The price increase in Ukraine, which is almost 2.5 times higher than that in destination countries, was primarily due to the reduction in freight costs.
However, the current logistics market context may be less favorable for domestic prices. The activation of shipments will undoubtedly lead to an expansion of sea logistics by 10–20%, which will immediately affect the reduction of CPT prices at sea ports.
We are now entering the active phase of marketing products and the leftovers from the previous marketing year. Therefore, those who decide to adopt a more stable and balanced sales strategy for the future harvest will begin actively signing forward contracts. Before the full-scale war, Ukraine had one of the most robust forward programs. Typically, up to 50% of the new harvest was sold in advance by May, which helped balance the market. Having pre-contracted products removes the excess supply burden during the harvest, thus stabilizing prices.
Of course, there are certain tricks when working with forward contracts. It’s worth working closely with your commercial agent to develop the optimal trading strategy in terms of quantity, quality, and logistics. For example, from the experience of companies contracting the harvest, it is better not to sell wheat solely as food-grade under forward contracts. It’s more advantageous to sell either feed wheat or sign a so-called multi-class contract. A farmer, not knowing the quality of the product they will produce but wishing to sell a certain amount of wheat in advance, can stipulate in the contract that they may supply products of three different quality types at three different prices, while fixing the overall volume of the shipment.
Currently, Ukraine has implemented minimum export prices, which are significantly lower than the current market prices.
Logistics are now the cheapest. So, it makes sense to approach a carrier and lock in freight costs under a forward contract, considering that the calculated price will consist of the current transportation cost with a small premium. This would be much more profitable than waiting for transportation during the low-price season when freight costs rise amid heightened demand.

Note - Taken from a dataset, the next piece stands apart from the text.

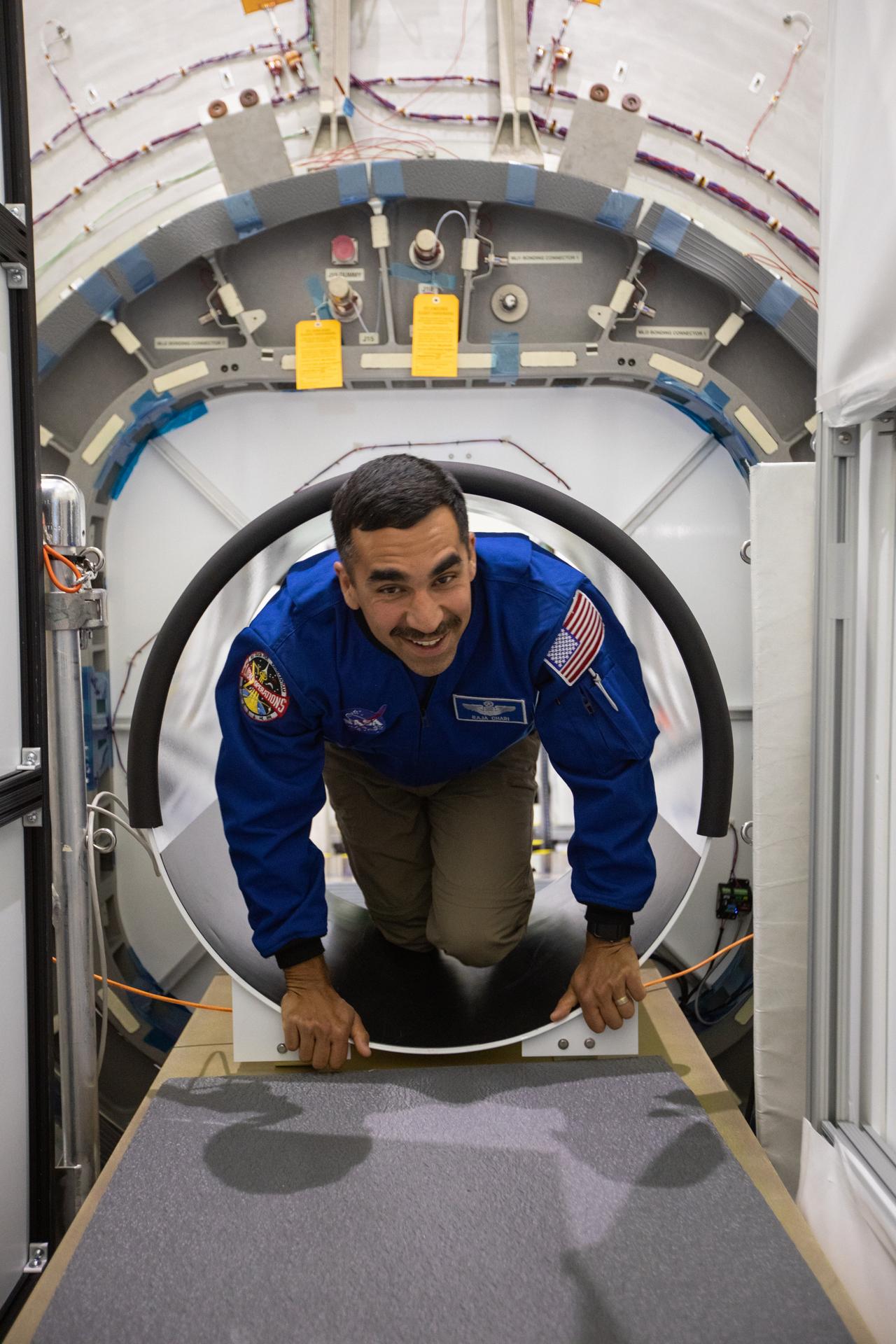 NASA astronaut Raja Chari climbs through a hatch of Lockheed Martin’s deep space habitat ground prototype at NASA’s Kennedy Space Center in Florida on March 25, 2019. Chari is one of the astronauts helping engineers refine requirements for the design of an American-made deep space habitat for the Gateway. Astronauts provide important design perspective as they may one day live and work aboard the lunar outpost, which would be located about 250,000 miles from Earth. To date, five habitat prototypes have been developed through NASA’s Next Space Exploration for Technologies Partnerships, or NextSTEP. Lockheed Martin was the first to turn their habitat over to NASA for testing. Ground prototypes developed by Bigelow Aerospace, Boeing, Northrop Grumman and Sierra Nevada Corporation will be tested in the future at various facilities across the country. A sixth company, NanoRacks, plans to develop a prototype as well.

In Europe, the industry selling finished products demands advance planning of production and the corresponding procurement of raw materials. Logistics alone in this chain can take up to a month. Additionally, the raw materials must be processed, packaged, and so on.
Therefore, Ukraine will have to adopt the logic of long-term contracts, allowing the opportunity to secure profitability in advance. This also provides business stability, which must be skillfully used and managed for the benefit of the business.